Australia’s rental market tightened again in February. The national vacancy rate fell to 1.1%, down from 1.2% in January, according to SQM Research’s latest data.
With fewer properties available to rent, prices continued to move up in many parts of the country. Nationally, average rents across houses and units reached $688 per week, up by 1.0% over the past month and 6.6% year-on-year. While the national trend remains upward, conditions vary across the capitals, with some markets still tightening and others beginning to stabilise.

Sydney’s vacancy rate fell to 1.3% in February, down from 1.5% in January, signalling tighter rental supply across the city.
Rents continue to trend higher as a result. The average combined rent reached $906 per week, rising by 0.5% over the past month and 7.3% over the past year. House rents remain the strongest driver, averaging $1,145 per week with 9.2% annual growth.
Melbourne’s vacancy rate edged down slightly to 1.6% in February, compared with 1.7% in January, showing a gradual tightening in rental supply.
Combined rents now average $678 per week, up by 0.8% over the past month and 5.0% over the past year. Growth remains steady across both houses and units as demand continues to absorb available stock.

Brisbane remains one of the tightest rental markets in the country, with vacancy falling to 0.8% in February.
Limited supply continues to support rent growth. Combined rents sit at $730 per week, rising by 0.6% over the past month and 8.0% over the past year, with houses leading the gains.
Perth’s vacancy rate held at 0.6% in February, keeping it among the tightest rental markets in Australia.
Combined rents reached $797 per week, increasing by 1.3% over the past month and 5.5% over the past year as strong demand continues to meet limited supply.
Adelaide’s vacancy rate sits at 0.8% in February, slightly higher than a year ago but still indicating a very tight rental market.
Rent growth has been more moderate compared with other capitals. Combined rents average $637 per week, up by 0.3% over the past month and 2.8% over the past year.
Canberra’s vacancy rate improved to 1.1% in February, indicating slightly more rental supply compared with earlier in the year.
At the same time, rents have softened. Combined rents average $669 per week, down by 2.5% over the past year. Notably, house rents saw the largest adjustment, falling by 5.5% in the past year.

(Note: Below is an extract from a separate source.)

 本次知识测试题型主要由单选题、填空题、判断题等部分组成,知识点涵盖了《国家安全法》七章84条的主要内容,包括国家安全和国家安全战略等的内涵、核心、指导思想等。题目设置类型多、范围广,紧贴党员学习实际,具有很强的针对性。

Darwin’s vacancy rate fell sharply to 0.6% in February, reflecting a tightening rental market.
Combined rents now average $673 per week, rising 1.9% over the past month and 12.7% over the past year, making it one of the strongest performing rental markets nationally.
Hobart’s vacancy rate remains extremely tight at 0.5%, despite a slight increase from January.

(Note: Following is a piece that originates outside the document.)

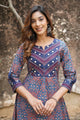 Women Blue And Rust Printed Straight Kurta Pant Set
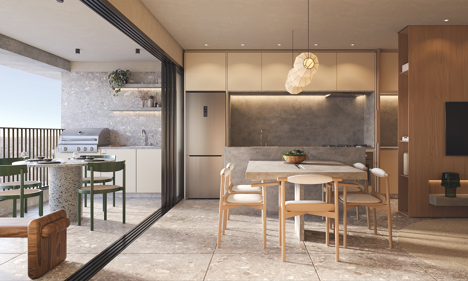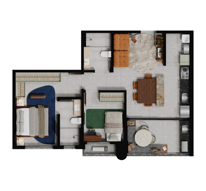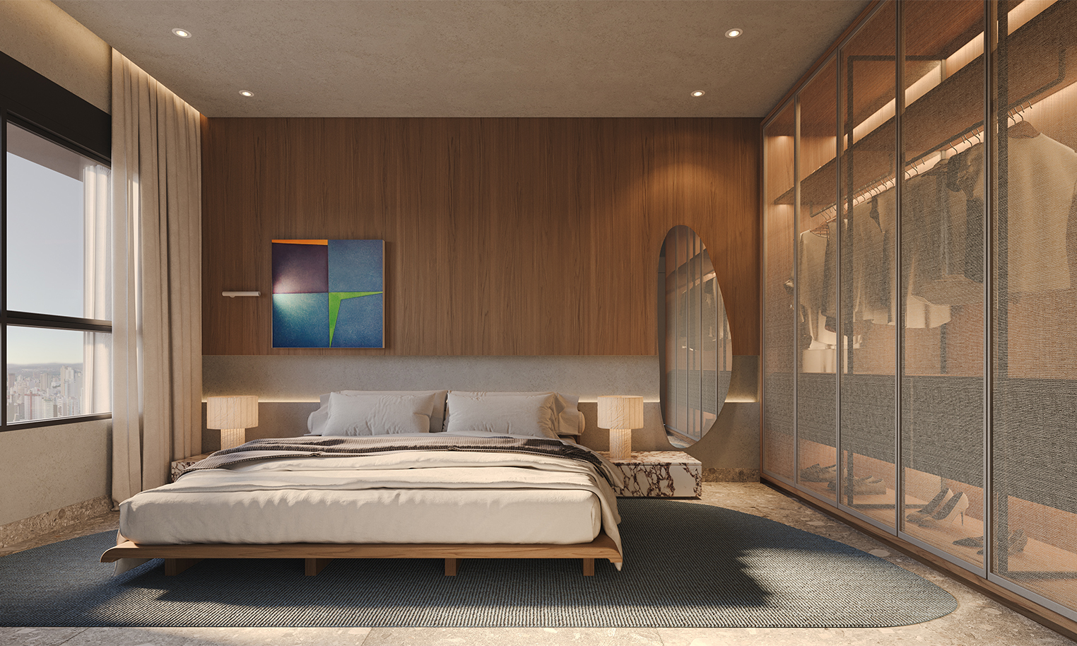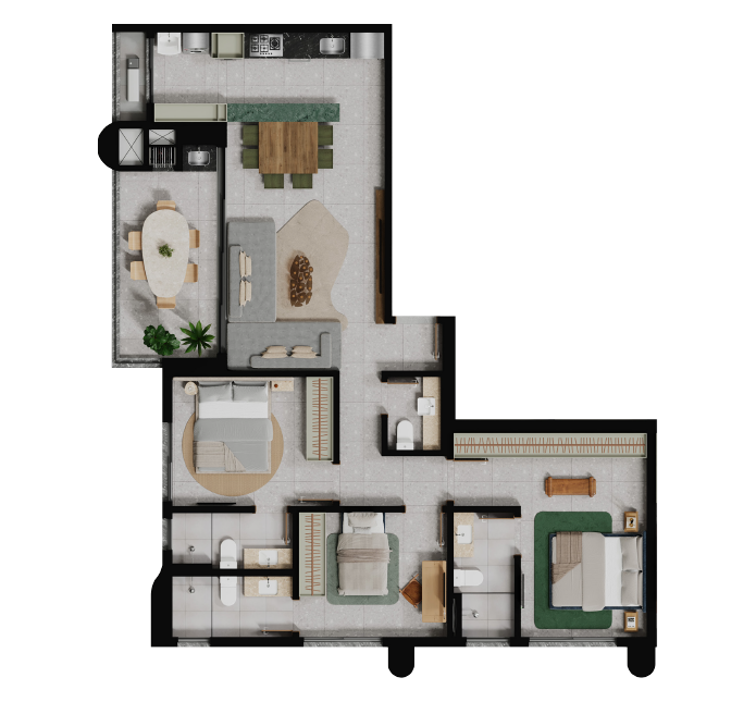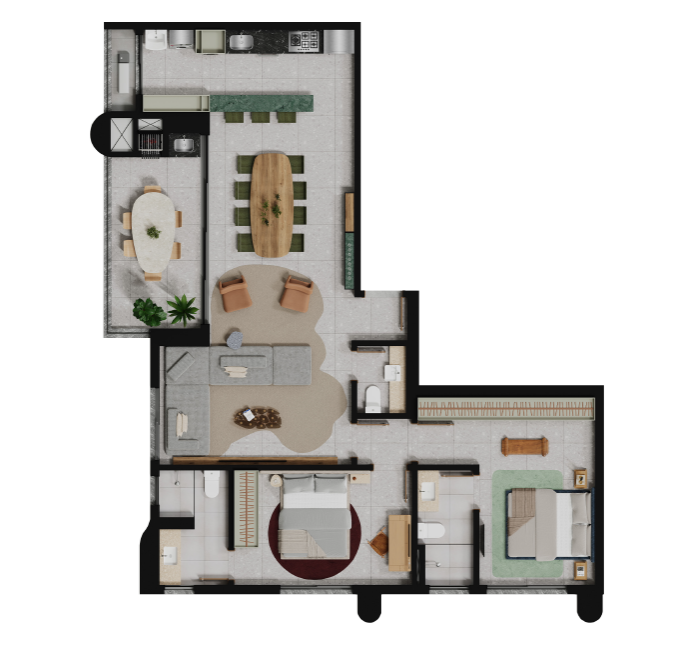 Claudia Albertini assina o decorado do Fascino Consciente com um olhar sofisticado e autoral. Seu trabalho traduz a essência do empreendimento por meio de composições equilibradas, escolhas precisas de mobiliário e uma paleta neutra e contemporânea que valoriza a luz e a arte. Cada ambiente foi pensado para transmitir aconchego, fluidez e elegância, criando uma atmosfera que reforça o caráter escultural e exclusivo do projeto.

Rents continue to rise as a result. Combined rents average $591 per week, a strong 2.9% jump over the past month and 12.2% over the past year. Unit rents showed particularly strong growth, surging by 4.0% in the past month alone.
With the vacancy rate sitting so close to 1% nationally, rental supply is still very tight across most of the country.
For agencies, it’s more important than ever to closely monitor local market conditions in the months ahead. In tighter markets, the challenge is often managing such strong tenant demand. In markets that are starting to loosen, the focus may shift back to pricing strategy and keeping properties competitive.
Disclaimer: The information enclosed has been sourced from SQM Research and is provided for general information only. It should not be taken as constituting professional advice.
PropertyMe is not a financial adviser. You should consider seeking independent legal, financial, taxation or other advice to check how the information relates to your unique circumstances.